Por último, un punto no menor a veces pasado por alto en la relación entre estas dos recientes obras fílmicas chilenas es su correspondencia a la hora de planificar la producción. Ambas se construyen desde el uso de formatos audiovisuales electrónicos y aprovechan de distinta manera sus libertades, así como sus limitaciones. Mientras Bize se sustenta en un guión férreo y se beneficia de tirar planos excesivamente hasta perder cualquier idea predefinida de lo que quiere expresar, Campos es mucho más arriesgado e improvisa en base a ciertas líneas de guión, grabando sin pensar en medio de este proceso, elemento destacado por algunos, que en todo caso se puede intuir sin dificultad. Efecto primero: toda la debilidad de los diálogos de En la cama está tan bien resuelta en La sagrada familia que llega a ser su principal fortaleza; mérito de todo un equipo que debió trabajar bajo un referente muy distinto al acostumbrado en la industria. Segunda consecuencia: Bize tiene la posibilidad de iluminar con mayor rigor, de planificar un trato de la imagen más delicado, lástima que no haya sido igual con un uso programado de la cámara, al revés de Campos, que plantea una estética sucia a cámara en mano en casi la totalidad de la película, pero que parece temer de esta precariedad, para lo cual embellece escenas con música off, sin mucho sentido. Tercer resultado: ambos culminan con gran cantidad de material, lo cual resuelven por distintas vías (ordenar / construir) con opciones masivas similares: diversión (en cuanto a ritmo sobre todo). Al final, un cine por acumulación que resuelve entretener y un cine por improvisación al que le asusta ensuciar.
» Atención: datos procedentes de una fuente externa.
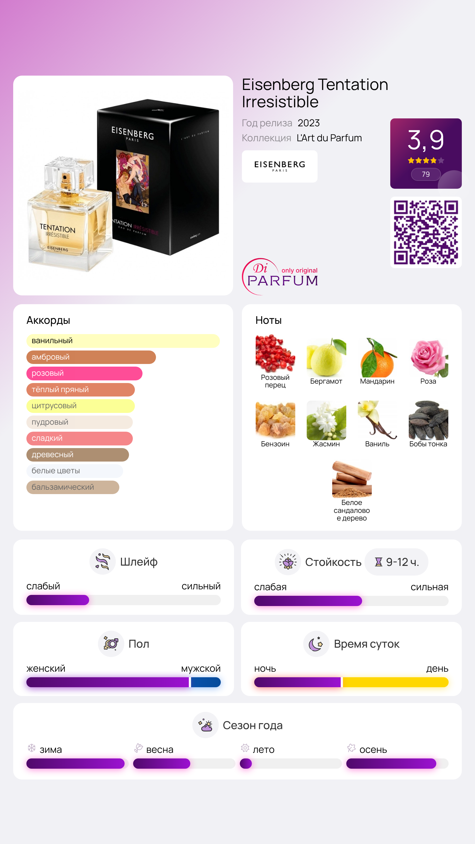 В шлейфе аромата ощущаются гурманские оттенки: сливочный сандал, мягкая ваниль и дымные бобы тонка. Чувственный Irresistible от Eisenberg Tentation ассоциируется с фиолетовыми и розовыми цветами на работах Juarez Machado, создавая впечатление неотразимого соблазна. Этот парфюм был выпущен французским брендом в 2023 году в качестве фланкера к успешному Tentation, представленному в 2010 году.

“¿No hay vuelta atrás, compañero?”: la abulia de Padre nuestro
En las muestras especiales del Festival de Cine de Viña se exhibió en DvCam esta película de Rodrigo Sepúlveda, que va recién a proceso de post-producción. En palabras simples, es una comedia que alterna el conflicto de un padre moribundo sin ganas de someterse a los cuidados hospitalarios requeridos y sus tres hijos, que al viajar a Viña para intentar persuadirlo, deben suturar el pasado oculto en relación a su padre. Como comedia sería una basura si no fuera por el personaje interpretado por Jaime Vadell, quien tiene la capacidad de hacer una interpretación genial del mejor motivo del film, la contraposición de un espíritu dionisiaco en medio de la pesada formalidad reinante en su contexto. Dicho de otra forma, el alegre triunfo del gasto festivo por sobre el ahorro ascético, del ritual desbocado por sobre la mesura práctica. La tensión narrativa se centra por su puesto en el contrasentido que conlleva querer a un padre gozador de la vida para el que nada ni nadie parece tener importancia. Si volvemos a un ámbito comparativo, esta película se inserta dentro de la tradición de la comedia de los “hijos de puta” con los cuales cuesta no llegar encariñarse demasiado. La mejor de las que conozco es la ya clásica Il sorpasso (1962) (con diálogos de Ettore Scola y dirigida por Dino Rissi), cuyo mejor remake indirecto es a mi modo de ver On the run (1999), de Bruno de Almeida, un formato de historia similar con la excepción de la inversión del final de los personajes. Sepúlveda no es sin embargo tan directo a la hora de las referencias. Padre nuestro (2006) gana mucho con la inserción de esta temática, pero no demasiado respecto a lo que pierde con los lugares comunes del cine chileno: los simplismos sexuales, la estupidez picaresca, los criollismos innecesarios, la insólita mirada centralista de la provincia (un Valparaíso de postal, incluido el Proa al Cañaveral transformado en prostíbulo). ¿Si creo que la película pudo tener un mejor resultado? Haría falta mucho de lo que no es, aún cuando en principio no era una mala inspiración. En este sentido, Padre nuestro extiende los complejos de un cine chileno tramado desde la industria, modelo comercial y sin propuestas autónomas, dominado por la entretención televisiva, temeroso de la confrontación, vacilante, repetitivo, inocuo.